We need more practicing without me hanging onto the leash. She actually caught on heeling on the left side very quickly as she was taught throughout the years on the right. The teacher said she is very good, so hopefully a few more months of classes then possibly compete in a event here in May. Good luck with your pup!


----------



## lily cd re (Jul 23, 2012)

Sookster, congratulations to you and Shooter. He did give you nice attention. He was also clearly enjoying working with you which is, as you know, a big part of what rally is about. You might have lost a point or two for his position on some of the sits as well as that funny "battle" you had with him for the down. He is nudging his butt out when he sits so he can see your face. I am sure you will work that out. I am also sure you will be on to the next level before you know it.


----------



## Sookster (Apr 11, 2011)

lily cd re said:


> Sookster, congratulations to you and Shooter. He did give you nice attention. He was also clearly enjoying working with you which is, as you know, a big part of what rally is about. You might have lost a point or two for his position on some of the sits as well as that funny "battle" you had with him for the down.
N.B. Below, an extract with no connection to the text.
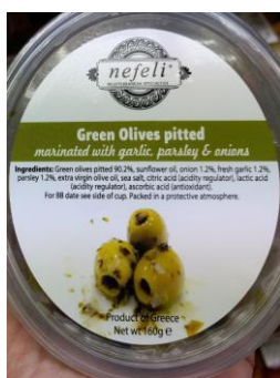
Πράσινες ελιές Nefeli μαριναρισμένες με μαϊντανό, σκόρδο και κρεμμύδια

He is nudging his butt out when he sits so he can see your face. I am sure you will work that out. I am also sure you will be on to the next level before you know it.


Thanks! Yes, he has gotten into a habit of sitting facing me, something we need to spend a lot of time working on. No idea what was going on with that down. He's been doing downs in that position since he was 8 weeks old, and did the exact same exercise perfectly in the first trial. He just decided it was time to change it up I guess! We have a LOT of things to work on before we move up to off-leash for level 2, but we will get there. This first show was a big step for us.


----------



## outwest (May 1, 2011)

I missed this the first time. I loved the video. Every time I see a poodle wagging their tail like that, I know they are having fun, fun, fun.


----------